▸ **Work order**
The answer must consist only of the lines in the records below from the line with "Made with durable" to the line with "Er riecht unbedeutend/angenehm, verfärbt", both included, copied word for word with every picture left out.

▸ **Data shown**

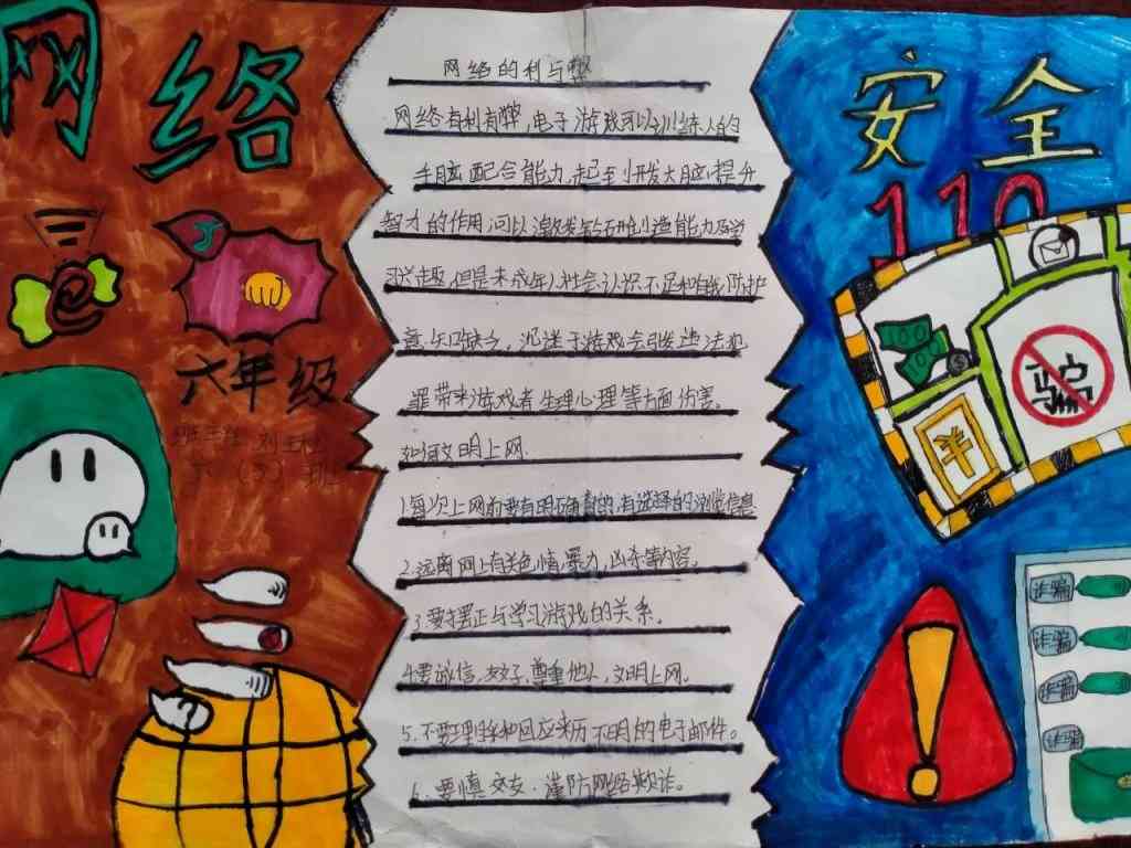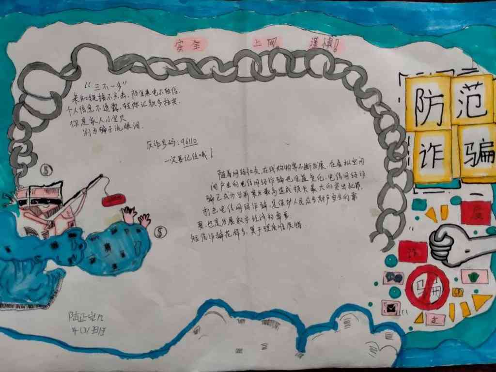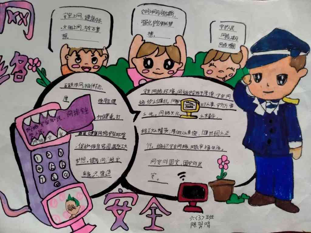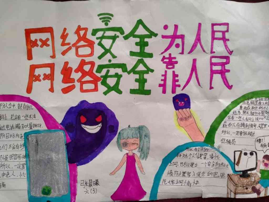 ~ 该校少先大队组织高年级的队员围绕“网络安全”,精心制作了内容新颖、美观大方、版面整洁的精美手抄报。有的同学在其中介绍《网络安全法》、《个人信息保护法》等重要法律法规;有的同学列举电信网络诈骗的案例;有的同学倡导安全上网、文明上网、绿色上网……
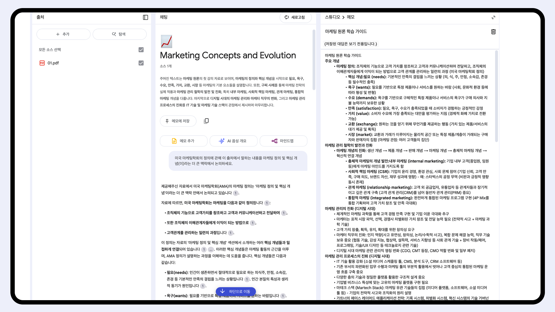 업로드한 파일의 내용을 분석하여 자동으로 중요 개념을 아래와 같이 정리해줍니다. 해당 페이지에서 자유롭게 내용을 수정하거나 개인적인 메모를 추가할 수 있어요. 또한 사용자가 질문을 입력하면 해당 문서를 바탕으로 정확한 답변을 제공합니다.
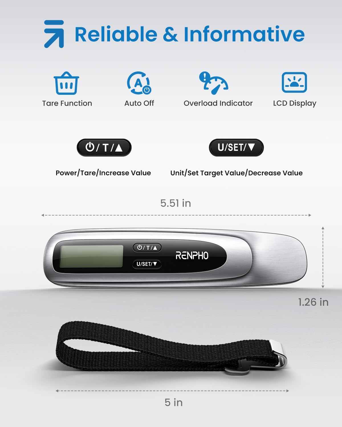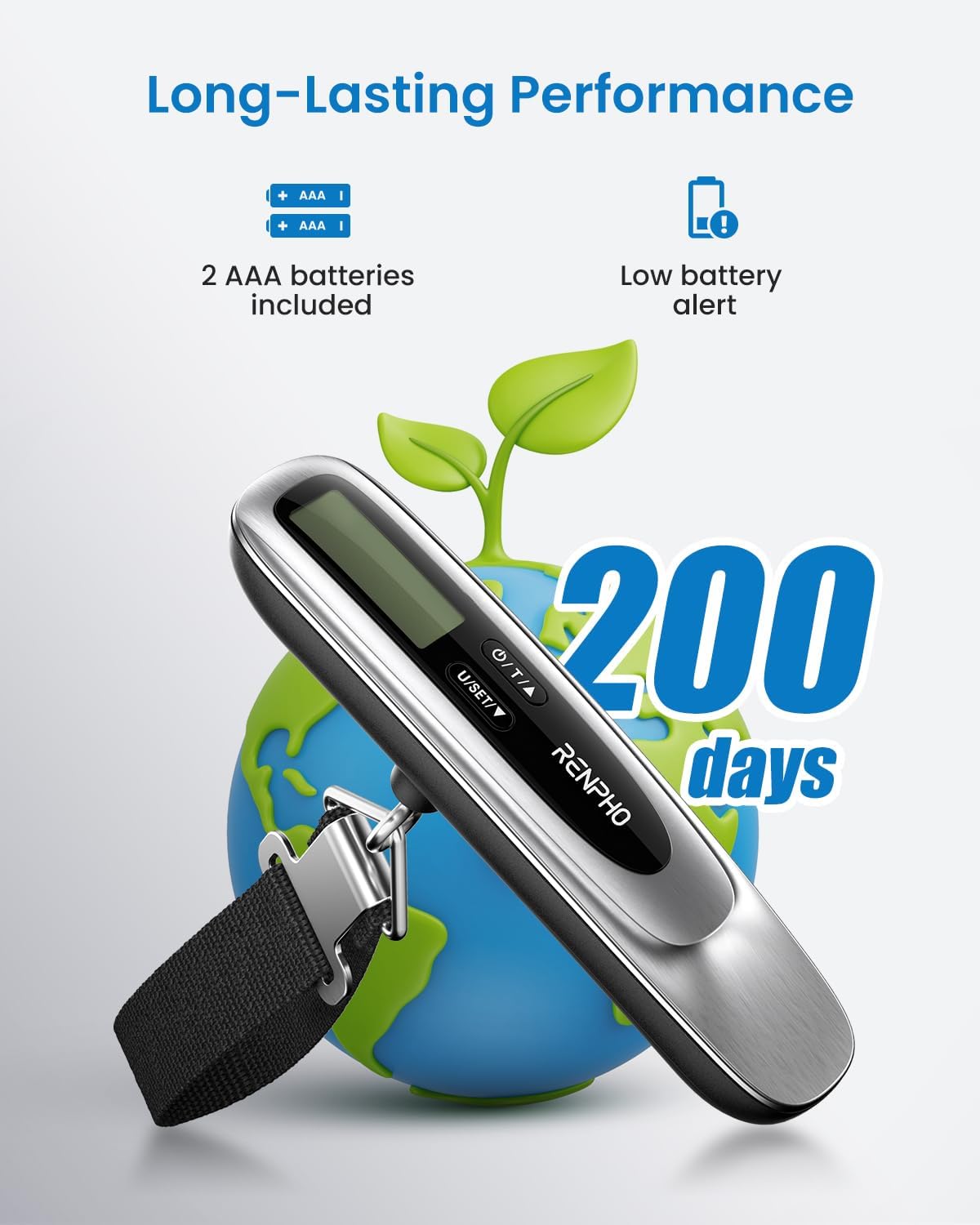 Made with durable rubber paint, this luggage scale is built to last through countless trips. The included battery ensures that you can use it right out of the box. Say goodbye to surprises at the airport and travel with confidence with the RENPHO Luggage Scale.
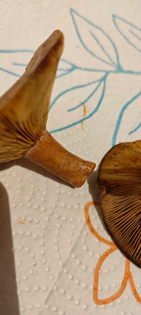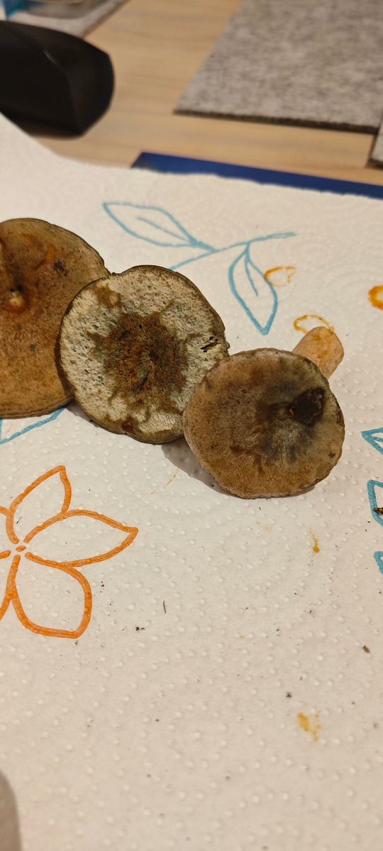 Er riecht unbedeutend/angenehm, verfärbt sich nicht, die Huthaut lässt sich etwa bis zur Hälfte ablösen, der Stiel ist voll (in der Mitte leicht wattig). Milch konnte ich nicht feststellen.
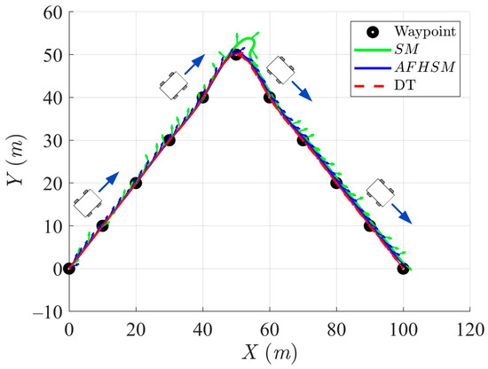 In this study, two distinct simulation scenarios were implemented to evaluate and compare the trajectory-tracking performance of the SM control method and the proposed AFHSM control method. The DTs in these scenarios consisted of a triangle-shaped trajectory and a convex-shaped trajectory, which were selected to assess the robustness and accuracy of both control methods under different conditions. The specific configurations of the DT waypoints and the initial conditions of the AMR for each scenario are provided in detail in the subsequent sections. Additionally, a comprehensive comparison of the simulation results is presented, highlighting the performance differences between the two control methods in terms of their trajectory-tracking accuracy and robustness to disturbances. These results will be analyzed to draw conclusions, demonstrating the effectiveness and advantages of the AFHSM method over the SM control method in handling trajectory-tracking tasks.
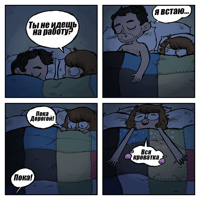 Множество иллюстраторов-художников создают комиксы про счастливые и порой даже неестественные отношения, но сегодня мы постараемся заглянуть за ширму настоящих отношений, без всякого идеализирования. Если вы нашли что-то общее с вами — делитесь в комментариях. Так же расскажите, какие забавные ситуации присутствуют в ваших отношениях. 1. Личное пространство Расставаться с любимым человеком всегда тяжело, но если этот недолгий промежуток одиночества идет на пользу вашему комфорту, то есть вероятность испытать радостные эмоции от ухода любимой половинки. 2. Причудливые вещи Никакие странные вещи гардероба любимого человека неспособны помешать искренним чувствам человека. Главное, только, чтобы таких вещей было как можно меньше... 3. Юмор в отношениях В каждых счастливых отношениях есть свой причудливый юмор, который помогает почувствовать уникальность происходящего. А у вас есть какие-то смешные шуточки с любимыми? 4. Не время обижаться Одно из самых важных правил, которое должен уяснить
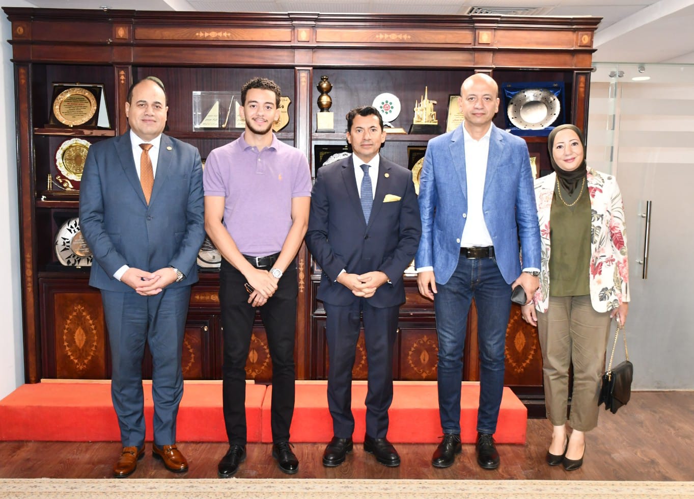 وزير الرياضة يلتقي محمد السيد بطل السلاح
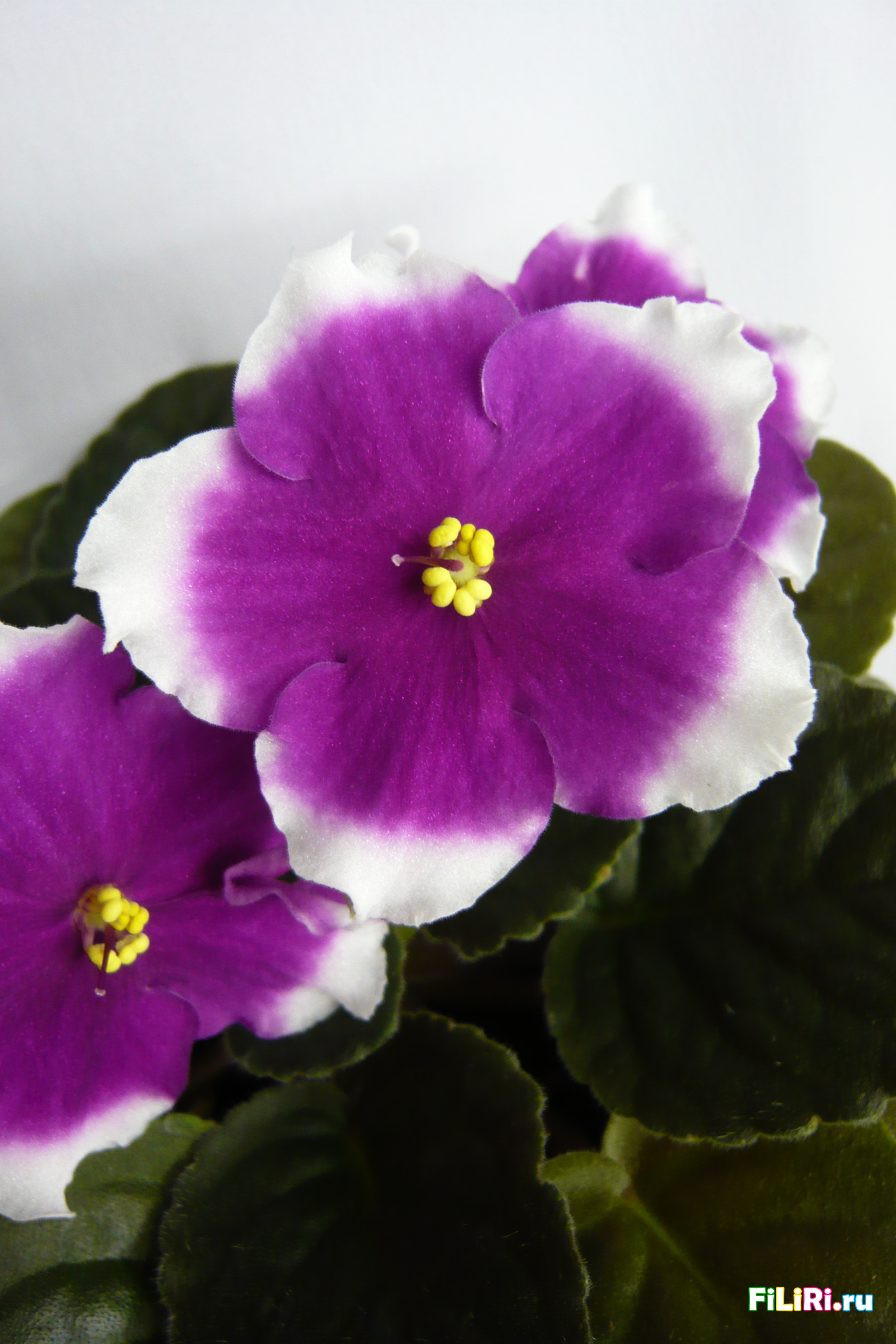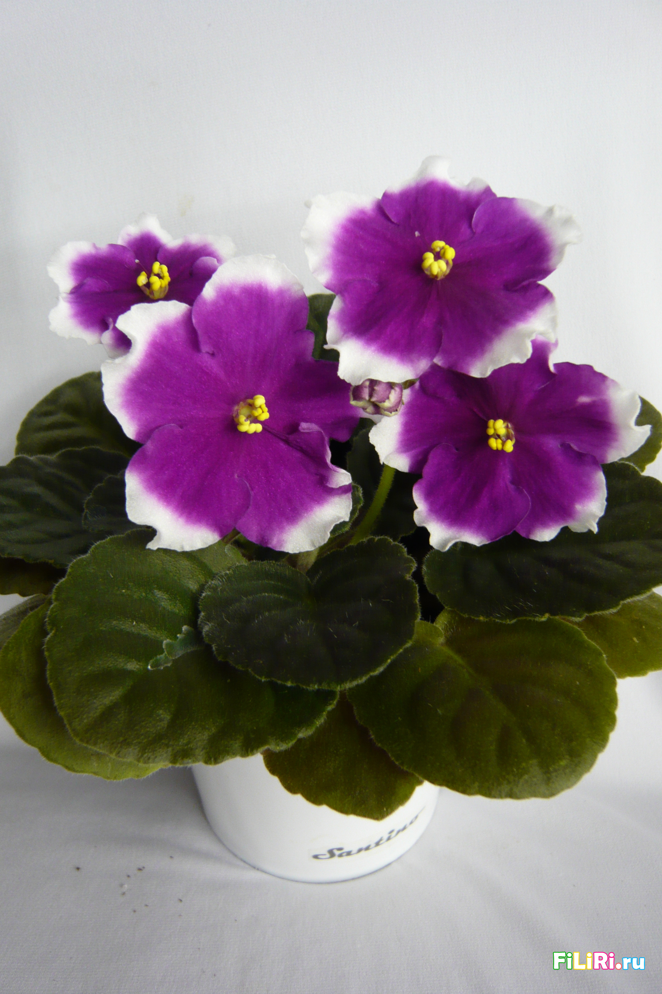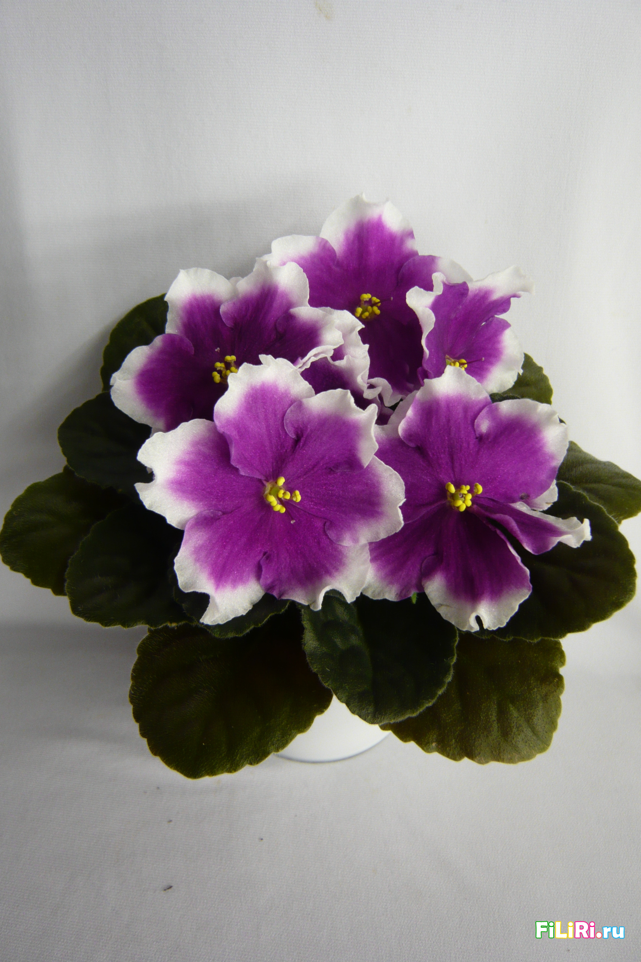 Очень крупные, волнистые звезды, серединка светло-малиновая, а за ней белое кольцо. Крупная оливковая листва. Пышная шапка, удивительно красиво!

▸ **Problem solution**
 Made with durable rubber paint, this luggage scale is built to last through countless trips. The included battery ensures that you can use it right out of the box. Say goodbye to surprises at the airport and travel with confidence with the RENPHO Luggage Scale.
 Er riecht unbedeutend/angenehm, verfärbt sich nicht, die Huthaut lässt sich etwa bis zur Hälfte ablösen, der Stiel ist voll (in der Mitte leicht wattig). Milch konnte ich nicht feststellen.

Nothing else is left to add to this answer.